俺は小学生でもなければ、か弱い女性でもない。
ましてや、マークさんは俺の親でもなければ、兄弟でもない。
ただのおとなりさんだ。
そこまで心配される筋合いはないはずだ。
「優希?」
「は?」
「何か、怒っているのですか?」
意味の分からないマークさんの過保護な言動に、なんだかイライラして、思わず睨んでしまっていた。
「別に……」
正直に『ウザイ。

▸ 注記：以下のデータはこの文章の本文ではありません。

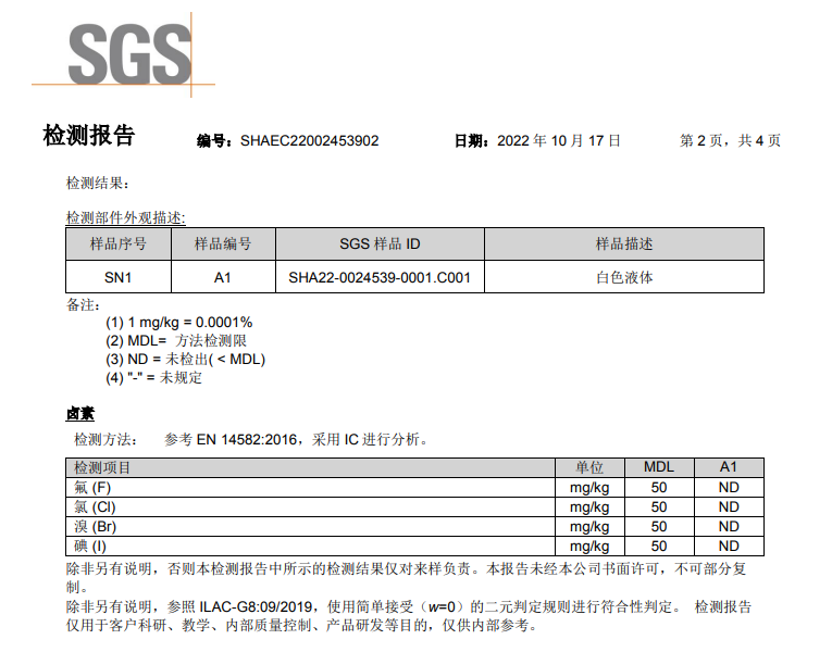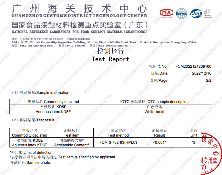 該膠水主要應(yīng)用于特種食品紙無(wú)氟防水、防油的涂膠。涂膠后的紙柔軟度、防水性、防油性、拉伸強(qiáng)度等指標(biāo)都達(dá)到特定的要求。該膠水按照ISO22000 標(biāo)準(zhǔn)要求生產(chǎn),符合美國(guó) FDA 標(biāo)準(zhǔn)和歐盟 BRCGS 認(rèn)證。

俺の事は、ほっといてくれ』って、言っていいものかどうか分からない。
今は堪えて、ため息をつくしかない気がする。
顔を背けた俺は、マークさんがどんな顔をしているのかも知らずに、家に着くまでの五分の間、話をする事なく黙々と歩いた。
「ただいまぁ」
俺達が家に入ると、バタバタと足音が聞こえて、母さんと茜が出迎えてくれた。
「お帰りなさい、遅かったわね」
母さんが少し心配そうな表情で俺に話しかけてくる。
「ごめん。ちょっと急用が出来ちゃってさ」
「早く帰って来るって言ってたのに!!」
「本当にごめんっ!」
母さんの横で喚く茜に、拝んで謝る。
今回は約束破った俺が全面的に悪い。
ここは平謝りするしかない。
「はいはい!とりあえずご飯食べるわよ!みんなお腹すかせて待ってたのよ。優ちゃんもお腹すいてるでしょ?」
俺と茜の間に割って入った母さんは、茜の背中を押してリビングへと向かわせた。
「ライアンさんもどうぞ、お入りになって」
俺の後ろで黙って立っていたマークさんにも、母さんは声をかける。
マークさんは微笑んだけど、なんだか悲しそうな顔をしていた。
もしかして……俺のせい、だよな。
母さんもマークさんの表情に気づいたみたいで、少し心配そうな顔をした。
リビングに移動すると、座席の1つ増えたテーブルに、いつもより確実に豪華な食事が並んでいた。
しかも二品もおかずが増えてる。
母さん、かなり頑張ったな。
母さんと茜はご飯や汁物を注いだり、運んだりせわしなく動いている。
父さんと俺が向かい合って座っている席の横に用意された席。
そこへマークさんが座った。
マークさんにも箸が用意されている。
「マークさん、箸で大丈夫?」
何気なく聞くと、マークさんは驚いたような顔をした。
「スプーンとかフォーク、出そうか?」
続けて聞くと、すごく安心したような表情をみせる。
「箸は使えますので、大丈夫です。お気遣いいただき、ありがとうございます」
そして、とても嬉しそうに答えた。
「そっか」
マークさんのコロコロ変わる表情に呆気にとられて、そんな相槌しか出来なかった。